For employers looking to instigate real change in accessibility in your organization, it begins with a simple conversation. As with all diversity pushes, it’s not necessarily about money – it’s more about leading with compassion and empathy.

“The first question that should always be asked is ‘How can we help - how can we support you?’”, says Johnson. “For someone to disclose is a personal choice and a very challenging one to make. Enabling your teams so they are educated and equipped with the right language and understanding to ensure they are not leaning into stereotypes or biases is incredibly important.

“Creating a safe space for disclosure and making sure all the accessibility tools and resources are readily available to access. Make sure education, trainings and companies you use to support are current, recommended by the disability community and include the voices of those who are in the neurominority.”

Neurodiversity has a wide range of conditions, she says.

“Most of us have at least two and if first disclosing or new to diagnosis, [employees] may not really know what support we need ourselves yet. Looking at your life through a completely different lens is an enormous learning curve and one that needs time and understanding.”
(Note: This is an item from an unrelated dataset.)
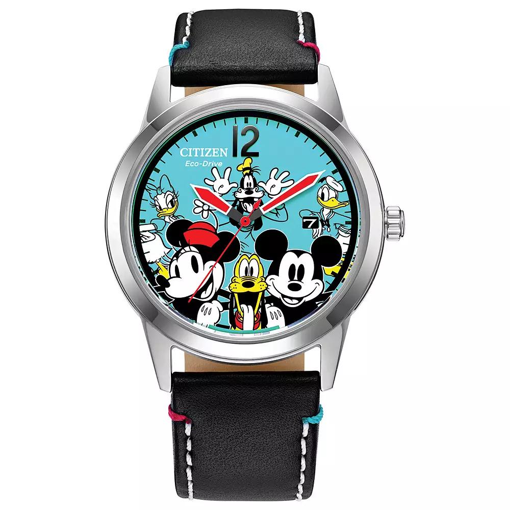 Citizen’s Disney Sensational Six timepiece features some of Disney’s most recognized characters: Mickey Mouse, Minnie Mouse, Donald Duck, Daisy Duck, Goofy and Pluto. The unisex watch features exclusive artwork that captures the essence of their fun-loving personalities. The Disney watch features a black leather band with contrast stitching to match the dial and is sustainably powered by light with Citizen’s Eco-Drive technology. ©Disney | Citizen Eco-Drive 40 Millimeter Disney Sensational Six Black Strap Watch
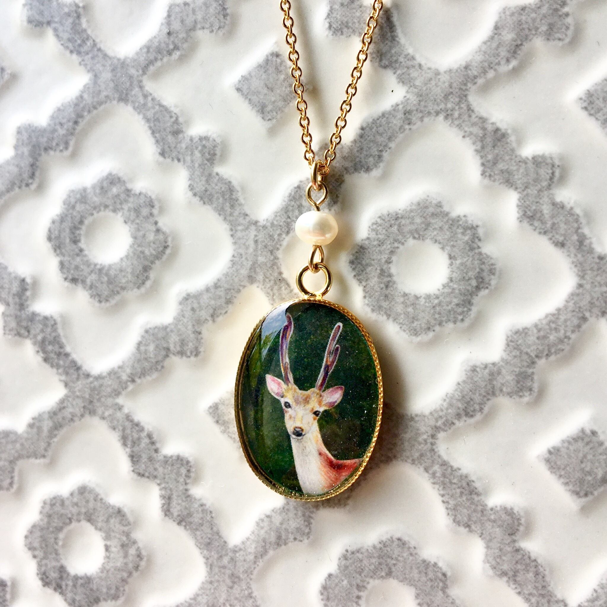 屋久島で出会ったかわいいヤクシカさんのネックレス。背景のグリーン部分は、屋久島の森の写真を使用しているので、深い綺麗なグリーンが印象的です。凛とした雰囲気でオトナな素敵な雰囲気で楽しんでいただけます。

Looking at disability with intersectionality

As Johnson tells HRD, it’s about bringing an equitable, accessible and inclusive philosophy into everything you do.

“When we talk about disability, it’s not about bringing people through the door but is actually making sure they stay with the company, they thrive in the company and have a career path to look forward to,” she says. “The way to do this is to make your company accessible and inclusive, it’s to make sure that all your employees — from leaders to apprentices — have all the right information they need, have the education they need and feel supported.

“When you build, support and grow your disability community, you create a safe space to support people to disclose who may not have done otherwise. Ensuring you look at disability with a lens of intersectionality brings not only the disabled community, but parents, carers, families and allies, people from many different minority groups with very different disability experience.

Recognizing that disability, like all minority groups, is a completely individual experience is key for Johnson. She tells HRD that every person will have different strengths and challenges, different ways of interacting with the world, and different adjustments, just like anyone else.

“Diversity of minds, skills and experience is what makes a company be more innovative, more profitable and more successful.”

And at Amazon, they’re taking diversity seriously. As Johnson tells HRD, they have a range of disability inclusion leaders who work to support and create inclusion at the tech giant, whilst also promoting teams to ensure accessibility is built into their culture.

“We work to ensure our disabled and neurodivergent communities have safe spaces, knowledge that they will have equitable journey throughout Amazon and will be valued for their abilities as any other employee would be,” she says. “Listen to and include disabled voices in everything you do and build. Make sure you work to build accessibility into every email, presentation and thing you do.”

“Lead by example - nothing about us, without us.”